● WHAT YOU ARE ASKED TO DO
Please restate every entry exactly. Leave out the pictures.

++++ GIVEN ENTRIES ++++

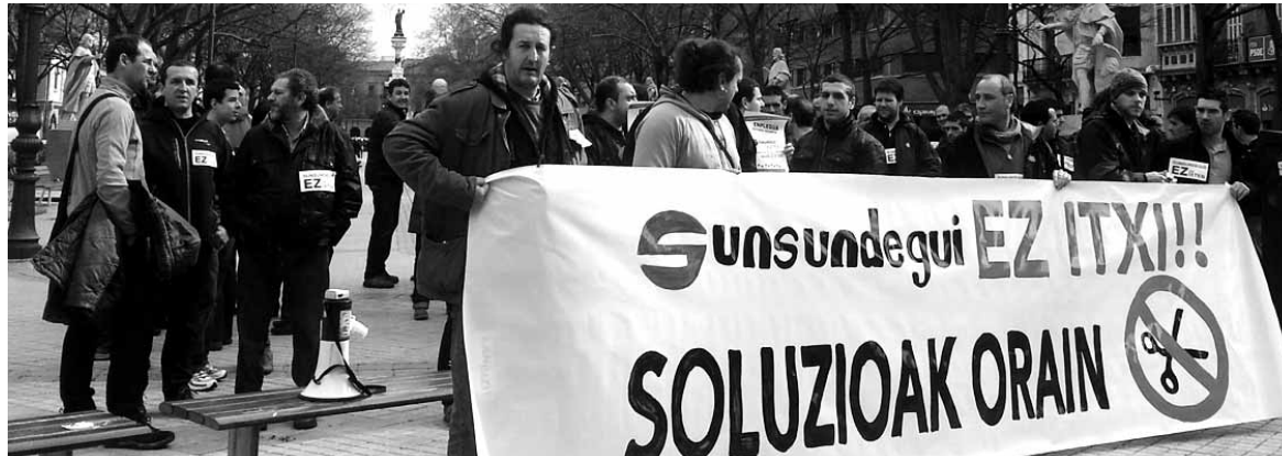
Sunsundegui 100 bat langile bildu ziren atzo Nafarroako Parlamentu aurrean.

Baina bazkide baten bilaketak abenduan porrot egin zuen eta hartzekodunen aurre-lehiaketa aurkeztu zuen Sodenak Sunsundeguirako (28rako zordunekin zorra negoziatu behar du, bestela lehiaketara pasatuko da). 13 enpre-
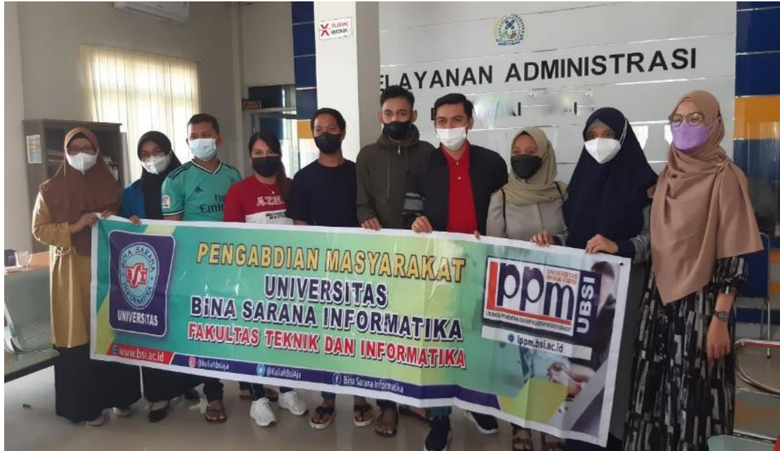
Gambar 3. Foto Bersama Peserta Pelatihan

Aplikasi buku tamu digital yang di sosialisasikan menyediakan 2 level akses pengguna, yaitu admin dan operator. Yang membedakan keduanya adalah di menu admin terdapat data user dan laporan. Aplikasi hanya membahas tentang buku tamu dimana aktivitas yang ada seperti aktivitas tamu yang masuk dan keluar beserta detail lamanya pertemuan antara tamu yang bersangkutan dengan pejabat yang ditemui serta adanya Whatsapp Blast yang digunakan untuk menginformasikan kepada tamu apabila pejabat yang akan ditemui telah berada di Kantor. Penyimpanan data tamu berada dalam database SQL server. Supaya aplikasi bisa diterapkan pada Kantor desa, diharapkan aplikasi terhubung dengan jaringan internet agar fitur pemberitahuan melalui aplikasi media sosial Whatsapp bisa berjalan dengan baik.
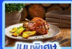
เมนูพิเศษ ขาหมูเยอรมัน
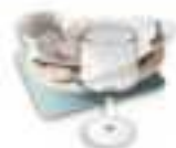
Vaisselle, faïence, porcelaine
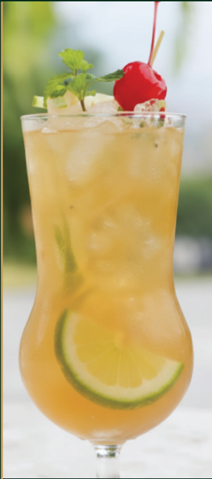
น้ำผึ้งมะนาว Honey lemon 120 baht
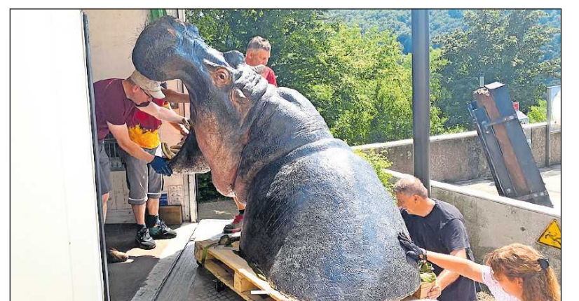
Es brauchte mehrere Helfer, um das sperrige Tier aus dem Lkw zu bugsiieren und ins Museum zu fahren.

Der Geoskop-Mitarbeiter schätzt das Gewicht des sperrigen Ausstellungsstücks auf ungefähr 100 Kilogramm. Beim Transport des Flusspferds hat die Kreisverwaltung unterstützt. |bji
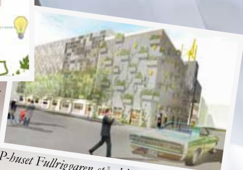
P-buset Fullriggaren står klart våren 2012.

P-buset Fullriggaren presenterades på Expo 2010 i Shanghai med anledning av den stora satsningen på miljö och hållbarhet!
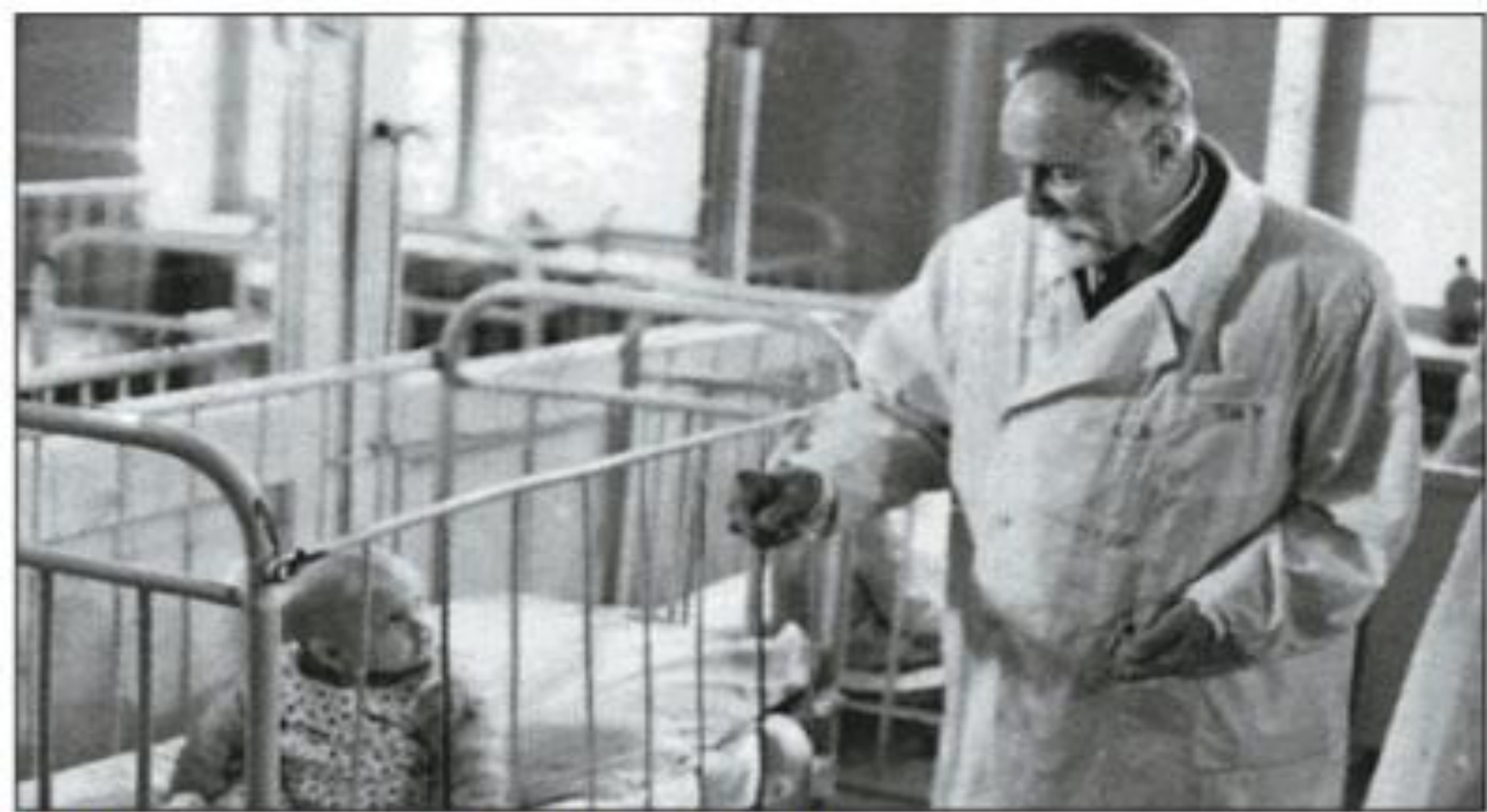
На обходе больных в клинике. Фото 1965 г.

Выдающийся советский профессор педиатрии Георгий Сперанский
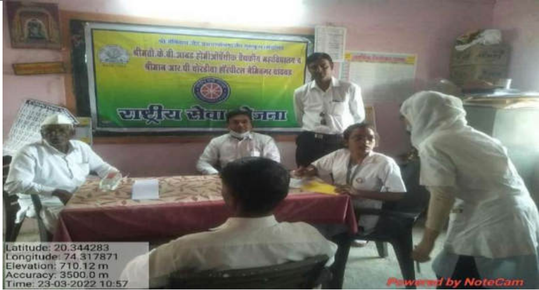
Swachata Awareness Rally

++++

● WRITTEN REPLY
Sunsundegui 100 bat langile bildu ziren atzo Nafarroako Parlamentu aurrean.

Baina bazkide baten bilaketak abenduan porrot egin zuen eta hartzekodunen aurre-lehiaketa aurkeztu zuen Sodenak Sunsundeguirako (28rako zordunekin zorra negoziatu behar du, bestela lehiaketara pasatuko da). 13 enpre-
Gambar 3. Foto Bersama Peserta Pelatihan

Aplikasi buku tamu digital yang di sosialisasikan menyediakan 2 level akses pengguna, yaitu admin dan operator. Yang membedakan keduanya adalah di menu admin terdapat data user dan laporan. Aplikasi hanya membahas tentang buku tamu dimana aktivitas yang ada seperti aktivitas tamu yang masuk dan keluar beserta detail lamanya pertemuan antara tamu yang bersangkutan dengan pejabat yang ditemui serta adanya Whatsapp Blast yang digunakan untuk menginformasikan kepada tamu apabila pejabat yang akan ditemui telah berada di Kantor. Penyimpanan data tamu berada dalam database SQL server. Supaya aplikasi bisa diterapkan pada Kantor desa, diharapkan aplikasi terhubung dengan jaringan internet agar fitur pemberitahuan melalui aplikasi media sosial Whatsapp bisa berjalan dengan baik.
เมนูพิเศษ ขาหมูเยอรมัน
Vaisselle, faïence, porcelaine
น้ำผึ้งมะนาว Honey lemon 120 baht
Es brauchte mehrere Helfer, um das sperrige Tier aus dem Lkw zu bugsiieren und ins Museum zu fahren.

Der Geoskop-Mitarbeiter schätzt das Gewicht des sperrigen Ausstellungsstücks auf ungefähr 100 Kilogramm. Beim Transport des Flusspferds hat die Kreisverwaltung unterstützt. |bji
P-buset Fullriggaren står klart våren 2012.

P-buset Fullriggaren presenterades på Expo 2010 i Shanghai med anledning av den stora satsningen på miljö och hållbarhet!
На обходе больных в клинике. Фото 1965 г.

Выдающийся советский профессор педиатрии Георгий Сперанский
Swachata Awareness Rally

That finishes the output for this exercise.